El segundo factor es la dependencia de la recarga pública. Cargar en un punto público de potencia media sigue siendo razonable, pero la recarga ultrarrápida encarece mucho cada kilómetro. Si usas el coche para viajar a menudo y casi nunca puedes cargar en casa o en el trabajo, el ahorro baja tanto que la compra ya no se decide solo por el coste de uso.
También conviene ser prudente con las bonificaciones locales. En algunas ciudades hay ventajas de aparcamiento, impuestos o acceso, pero cambian según el municipio y no deberían usarse como base del cálculo. Yo las tomaría como ahorro extra, no como parte de la cuenta principal. Con eso ya se puede responder la pregunta importante: cuándo compensa de verdad.
La regla práctica para decidir en España
Mi regla es simple. Si haces más de 12.000-15.000 km al año y puedes cargar en casa o en el trabajo, el eléctrico suele salir claramente mejor en coste de uso. Si además accedes a ayudas públicas o compras un modelo con precio contenido, la amortización de la diferencia inicial se acelera mucho.
En cambio, si recorres pocos kilómetros, vives pendiente de la recarga rápida o el eléctrico que te encaja cuesta bastante más que un gasolina equivalente, la ventaja económica tarda más en llegar.

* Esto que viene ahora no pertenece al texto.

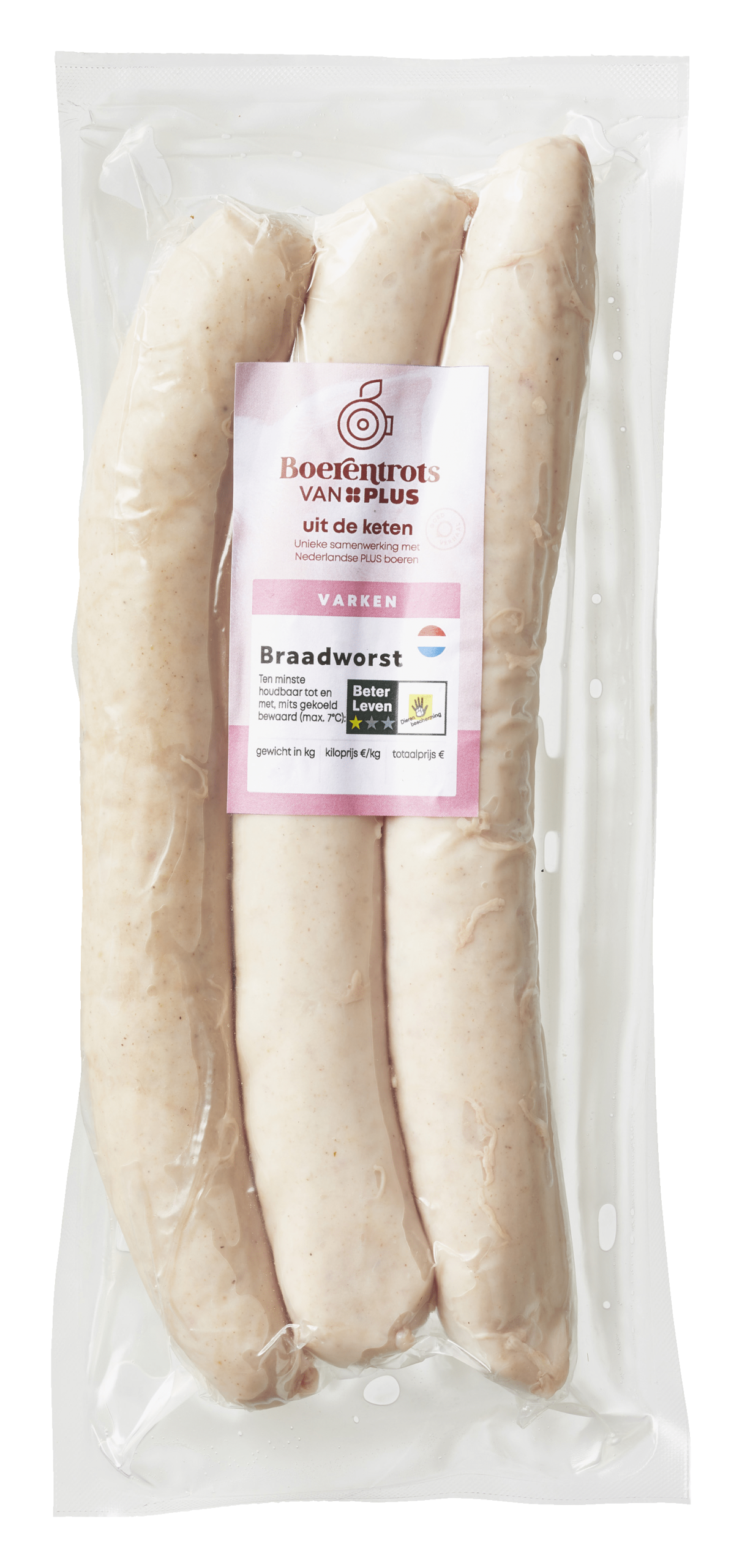 Geniet van de heerlijke smaak van de PLUS Braadworst, gemaakt van 77% varkensvlees met het Beter Leven 1 Ster keurmerk. Deze gekruide worstjes zijn perfect voor op de BBQ of in de koekenpan en zijn eenvoudig te bereiden. Bewaar ze gekoeld voor de beste smaak!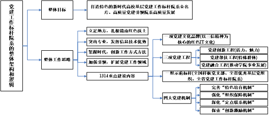 学院党委高度重视党建工作,通过深入开展调研,群策群力,整体谋划,确定了党建工作建设的整体架构和逻辑。整体目标是:打造特色的新时代高校基层党建工作标杆院系“金名片”,通过高质量党建引领学院高质量发展。整体工作思路是:立足地方,扎根赣南红色沃土;突出专业,发挥信息技术优势;紧跟时代,创新工作方式方法;加强引领,扩展党建工作领域。通过重点实施“1314”工程,明确工作任务。打造一项党建文化品牌,充分发挥“红色IT文化”的育人功效。实施三项党建工程:党建创新工程,激发党支部的活力和魅力;党建帮扶工程,重点关注特殊群体学生;党建融合工程,通过“党建+教学、科研、人才培养”等推动学院事业发展。打造一组示范标杆,在目前已获评全国党建工作样板支部、江西省教育系统先进基层党组织和党建工作标杆院系的基础上,争取更进一步,积极申报全国党建工作标杆院系。完善四大党建机制:特色培育机制、组织保障机制、定点联系机制、创新激励机制。学院党委紧盯目标任务,将任务分解,采取责任到人的方式,定期进行专项督导和检查,确保建设质量和进展。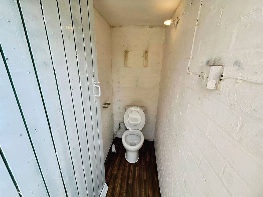 Large rear garden with recently jet washed patio area with a large lawned area beyond.Property benefits from a fitted outside tap and working WC with vinyl flooring.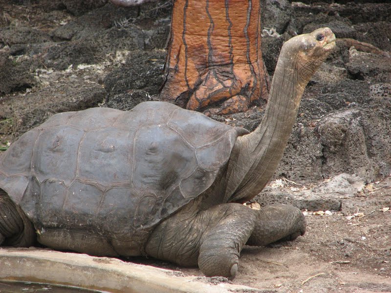 An Abingdon (Pinta) Island giant tortoise exhibited at London Zoo in 1914Nevertheless, it was resurrected in March 1972, for this was when - to the astonishment of herpetologists everywhere - a living specimen was encountered on Abingdon. Furthermore, tracks indicating the presence of others were also sighted. The live tortoise, a male (later christened Lonesome George), was swiftly transferred to the Charles Darwin Research Station on Santa Cruz for security. Still alive today (August 2011), George is believed to be 60-90 years old and in good health, but attempts to mate him with females of other Galapagos subspecies in order to preserve his genes in future generations of hybrids has so far proven unsuccessful.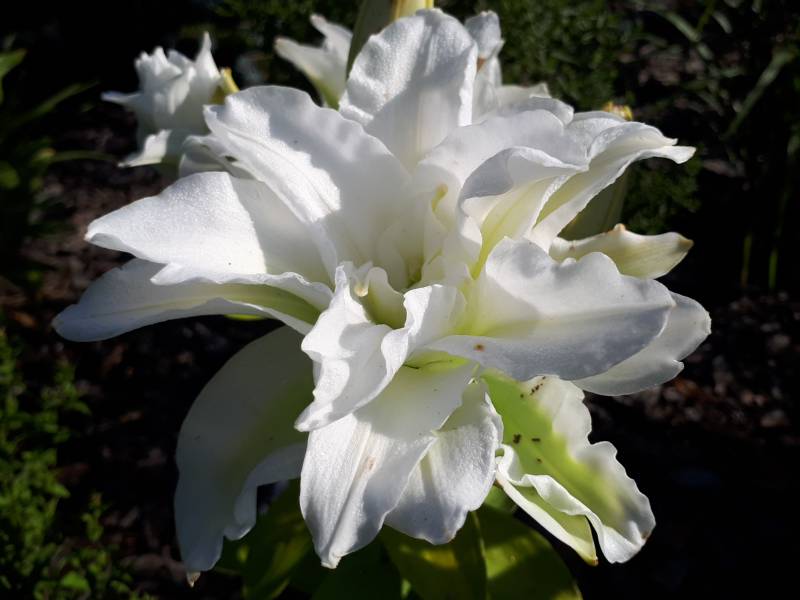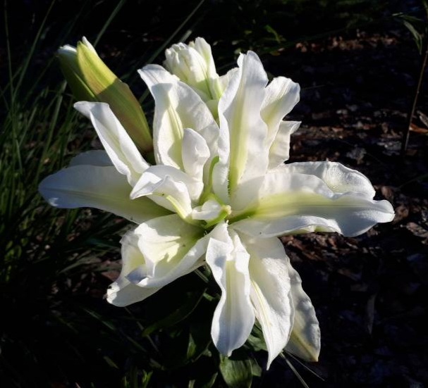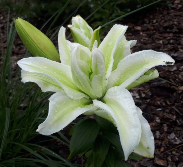 Kwiat: białe, pełne z zielonymi zabarwieniami w środku, skierowane ku górze
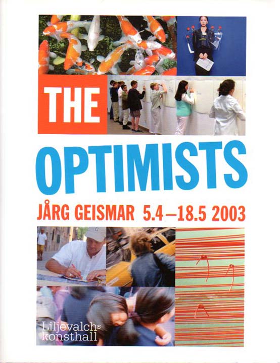 Geismar, Jarg: The Optimists. 5.4. – 18.5.2003. Erste Auflage. Stockholm. Liljevalchs konsthall. 2003. 27 x 21 cm. 87 S. OKarton. Sehr gutes Exemplar. Liljevalchs katalog nr 460. Text in Schwedisch, mit Englischer und Deutscher Übersetzung am Ende des Katalogs. Mit einem Vorwort von Bo Nillson und einem Beitrag von Niclas Östlind. Durchgehend mit meist farbigen Abbildungen versehen.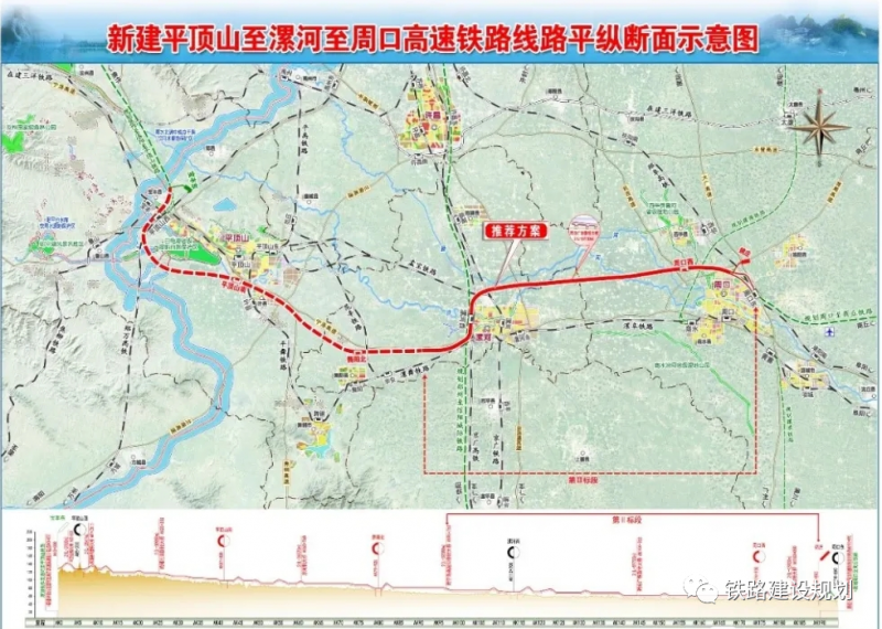 線路西起鄭萬高鐵平頂山西站,經(jīng)平頂山南、漯河,至鄭阜高鐵周口東站,連接鄭萬、京廣、鄭阜高鐵,正線長度約195.5km,全線擬設(shè)車站6座。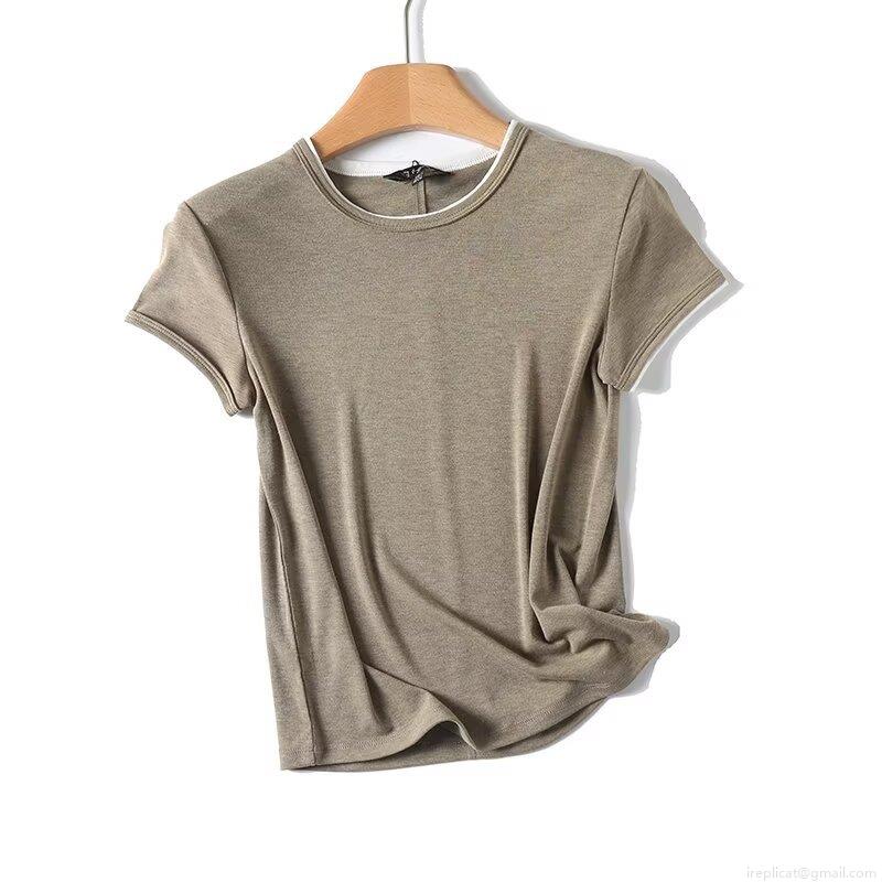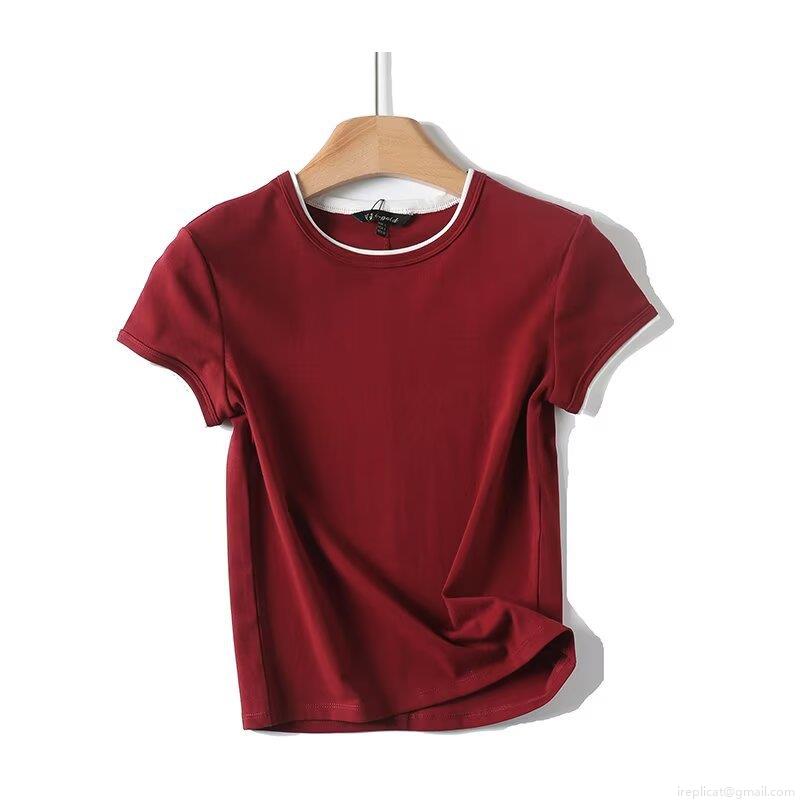 • Women's Slim Fit Cotton Blend Round Neck T-Shirt With Contrast Edging Basic Short Sleeve Summer Casual Street Style Tee

En ese caso, el ahorro sigue existiendo en energía y mantenimiento, pero ya no basta para justificar la compra por sí solo.
Si me obligas a dar una cifra redonda, yo usaría esta referencia: con carga doméstica y 15.000 km al año, un eléctrico puede ahorrar alrededor de 1.000-1.400 € al año frente a un coche de gasolina o diésel equivalente, sumando energía y mantenimiento básico. Esa horquilla sube si haces más kilómetros y baja mucho si dependes de recarga pública cara. Por eso, antes de fijarte solo en el precio de compra, mira cómo vives el coche en el día a día: ahí es donde se gana o se pierde la mayor parte del ahorro.